Apple adds ChatGPT to Siri but not in the way we expected


Apple WWDC 2024 siri chatgpt 1

TL;DR

  • Apple has officially announced a partnership with OpenAI, the startup behind ChatGPT.
  • Later this year, ChatGPT will occasionally chime in to answer creative and complex questions when you invoke Siri.
  • Siri will ask for your consent before sharing individual prompts with ChatGPT.

After months of anticipation and leaks, Apple has finally announced that it’s teaming up with AI startup OpenAI. The partnership is set to bring ChatGPT-esque smarts to Siri on iPhone, iPad, and Mac. Notably, this ChatGPT integration was only one of several new AI features launched under the banner of Apple Intelligence at the company’s WWDC event today.

When iOS 18 launches later in 2024, you’ll be able to converse with Siri via natural language prompts similar to Google’s Gemini chatbot on Android. This marks a major leap forward for Siri, transforming it from a rigidly structured assistant into a conversational AI chatbot. However, Siri will not rely on OpenAI’s models for most of its responses. Instead, Apple says that it will only pass on select questions to ChatGPT.

Specifically, Siri will decide when it cannot handle a question or command and prompt you to pass it on to ChatGPT instead. You’ll see a pop-up asking whether you’re willing to let OpenAI’s chatbot temporarily handle your question (pictured above). The response will also display a disclaimer that reads “Check important info for mistakes”.

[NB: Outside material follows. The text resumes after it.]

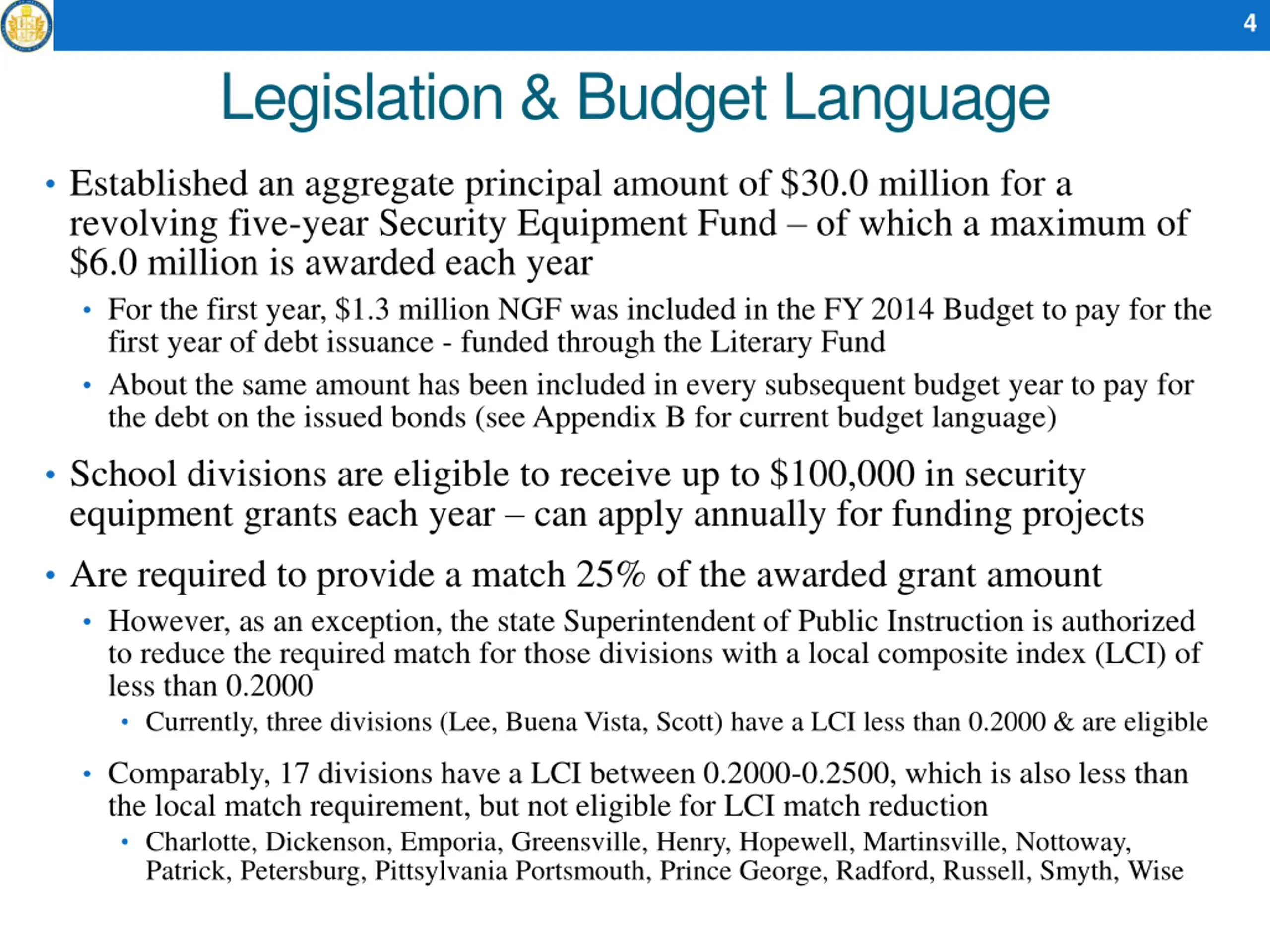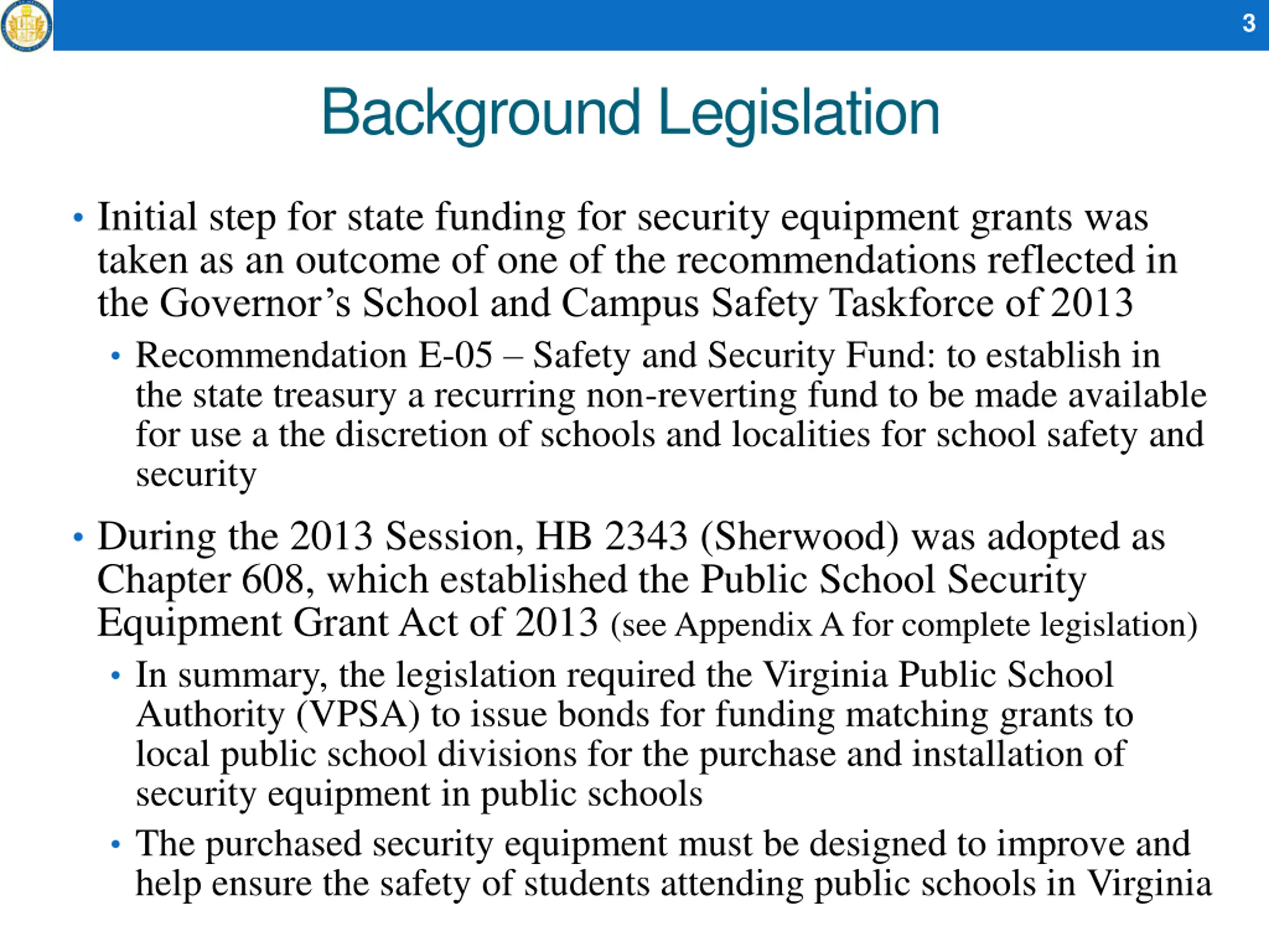 3 Background Legislation Initial step for state funding for security equipment grants was taken as an outcome of one of the recommendations reflected in the Governor s School and Campus Safety Taskforce of 2013 Recommendation E-05 Safety and Security Fund: to establish in the state treasury a recurring non-reverting fund to be made available for use a the discretion of schools and localities for school safety and security During the 2013 Session, HB 2343 (Sherwood) was adopted as Chapter 608, which established the Public School Security Equipment Grant Act of 2013 (see Appendix A for complete legislation) In summary, the legislation required the Virginia Public School Authority (VPSA) to issue bonds for funding matching grants to local public school divisions for the purchase and installation of security equipment in public schools The purchased security equipment must be designed to improve and help ensure the safety of students attending public schools in Virginia

According to Apple, you won’t need an OpenAI account to use this new Siri-ChatGPT integration. However, it will offer the option to connect your ChatGPT Plus account and unlock paid features such as unlimited access to the GPT-4o language model. For reference, the free version of ChatGPT only offers a limited number of GPT-4o responses every few hours.

Apple WWDC 2024 siri chatgpt response

This year marks a significant departure from Apple’s usual strategy of keeping AI processing confined to individual devices. Cloud-based language models carry inherent data security and privacy risks. Still, they’re the only way Apple can realize the full potential of modern-day AI. Cutting-edge language models like OpenAI’s GPT family require computational power at the scale of data centers, not individual smartphones or even desktop computers.

Initial reports suggested that Apple would license Google’s Gemini AI models, but those discussions are reportedly still ongoing behind closed doors. Google holds a unique strength in that it has a slew of different model sizes, some of which are small enough to run entirely on-device. The Pixel 8 and Galaxy S24 series, for instance, use Gemini Nano to power select features like Summarize in the Pixel Recorder app.

Apple already uses on-device AI for tasks such as speech-to-text and a new handwriting replication feature dubbed Smart Script. However, the company’s interest in licensing Google’s models may indicate that it has yet to catch up with Gemini in all aspects.